• _Work instructions_
Some of the lines below need repeating. Reproduce exactly those between the lines holding "And now, on" and "Collection of coffee, occasional", inclusive.
*** Opening Input records ***
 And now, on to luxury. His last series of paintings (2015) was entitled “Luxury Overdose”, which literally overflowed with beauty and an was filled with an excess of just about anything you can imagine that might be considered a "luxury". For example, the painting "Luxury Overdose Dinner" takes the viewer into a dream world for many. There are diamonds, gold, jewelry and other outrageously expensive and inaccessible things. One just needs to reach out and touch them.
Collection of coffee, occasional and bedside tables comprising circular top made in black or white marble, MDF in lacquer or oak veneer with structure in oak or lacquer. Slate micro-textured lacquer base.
*** Closing Input records ***
*** Opening Input records ***
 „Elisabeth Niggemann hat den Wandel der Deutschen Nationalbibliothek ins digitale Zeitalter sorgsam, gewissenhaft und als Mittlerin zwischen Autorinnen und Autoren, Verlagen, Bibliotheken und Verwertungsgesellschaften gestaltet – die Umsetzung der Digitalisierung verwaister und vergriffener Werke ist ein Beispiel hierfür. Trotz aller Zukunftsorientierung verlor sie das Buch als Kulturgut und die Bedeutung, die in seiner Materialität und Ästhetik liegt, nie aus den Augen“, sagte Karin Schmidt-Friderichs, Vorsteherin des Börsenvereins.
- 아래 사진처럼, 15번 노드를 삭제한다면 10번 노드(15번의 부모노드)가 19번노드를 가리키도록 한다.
*** Closing Input records ***
*** Opening Input records ***
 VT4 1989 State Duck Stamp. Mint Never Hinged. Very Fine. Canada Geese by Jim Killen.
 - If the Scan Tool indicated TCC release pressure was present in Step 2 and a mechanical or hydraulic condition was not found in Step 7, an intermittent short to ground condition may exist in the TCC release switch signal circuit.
*** Closing Input records ***
• _Task output_
 And now, on to luxury. His last series of paintings (2015) was entitled “Luxury Overdose”, which literally overflowed with beauty and an was filled with an excess of just about anything you can imagine that might be considered a "luxury". For example, the painting "Luxury Overdose Dinner" takes the viewer into a dream world for many. There are diamonds, gold, jewelry and other outrageously expensive and inaccessible things. One just needs to reach out and touch them.
Collection of coffee, occasional and bedside tables comprising circular top made in black or white marble, MDF in lacquer or oak veneer with structure in oak or lacquer. Slate micro-textured lacquer base.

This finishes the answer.